Because the issue is not how fast you can kill stuff - nothing really takes that long to kill honestly (except Pythons/Anacondas). The issue is, bigger ships do NOT mean you find bigger bounties. You are still fighting the same little annoying Sidewinders and Eagles most of the time. The game seems to spawn the NPC's based on some % system no matter where you are. So you tend to see mostly small fighters, some Vipers/Cobras/Haulers, a few Asps/Type 7's and very rarely Clippers, Dropships and the like.

My Cobra does not really earn faster than Viper - no. I only got it because I wanted my cargo room so I could run some missions and pirate/smuggle some so I wasn't solely reliant on bounty hunting. Plus Vipers have horrible jump distance. I'm fairly sure an Anaconda wouldn't earn drastically more than an Eagle really if you just stat a nav point. That's the issue. Especially if you consider the increased running costs.
 
The issue isn't that it "doesn't pay" rather that it doesn't scale. I can make 100-300k an hour bounty hunting, but there's nowhere to go from there. If you want to keep upgrading your ship and getting new ones - it gets drastically slower as you move from ship to ship. I'm in a Cobra, because I like to smuggle/trade/pirate some - and it's 1.6 million for the top modules (A4). An Asp is 6 million, but that's stock and it won't do much for me at all. I'd probably need more like 20 million to outfit it. Try reaching that goal in a reasonable time frame with bounty hunting. For now, I've settled on just making my Cobra the best, because I don't feel I'll be able to afford a higher tier ship (Asp/Dropship/Python/Anaconda).

Besides the Anaconda missions, there is no *reliable* way to find large bounties. And those missions are super annoying and can end up taking hours based on the random nature of the USS system. Otherwise, most of the bounties you run into at nav beacons/anarchy systems/resource are fairly low, if easy to kill usually. The real issue is once you get a Viper/Cobra pretty fitted out - then what? It'll take forever to move up (say to the Asp) and then it's even slower to fit that out, since those modules and the repair costs on it are even higher. Frankly at this point, I would be scared to get an Asp, because of the times NPC pirates crash into me and take me out. I wouldn't want to have to pay the insurance costs on anything higher than a Cobra.

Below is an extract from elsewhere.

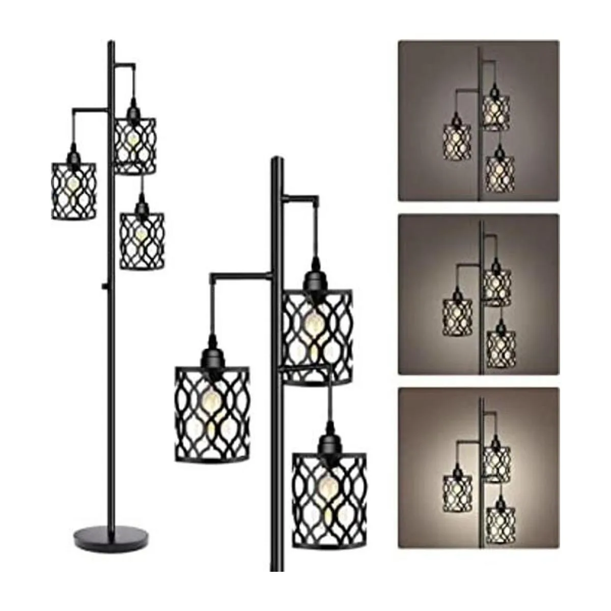 Aspecto elegante y único: si quieres decorar tu hogar, esta lámpara de pie brillante será una buena opción. Está equipado con 3 hermosas jaulas colgantes que pueden añadir un efecto decorativo a tu habitación. Estas lámparas industriales de pie son perfectas para áreas interiores generales que incluyen el comedor, sala de estar, dormitorios, oficinas, cocina, pasillo, cafetería, sótano, bar y club.

Each time you move up a tier in ship, your bounty hunting income stays more or less the same, with a slight increase in efficiency. Reason being is even though you are stronger, you won't necessarily be fighting anything harder .The same is not true about trading - where bigger, better ships expand your cargo capacity and thus your income potential. There bounty hunting missions need to be refined or some other system implemented to help with the scale/progression of bounty hunting.

Definitely this. Frankly it's so much obvious that I don't understand why it hasn't already been fixed. Even the X-3 games had higher paying combat missions (with harder targets) the higher your combat rating got, and those games aren't exactly refined.
 
Ah, but Bounty Hunting is all about the value of the kill and not a progression that increases in value as your ship operating expenses increase. It's a great way to start with entry level ships but of course it will have a finite profit ability.

Rare Commodities is another way to generate better profits with the least risk. It requires say a Cobra cargo hold and a good jump range to be effective.

Finally regular Trading comes in which also has a finite profit ability but can be expanded as your cargo hold increases.

That's the profit system which is great and works. As a Trader I have more credits and a bigger ship but a Bounty Hunter has kills advancing to Elite status where I have 3 (Interdictions). So it's all about what a player wants and using the available tools to get there.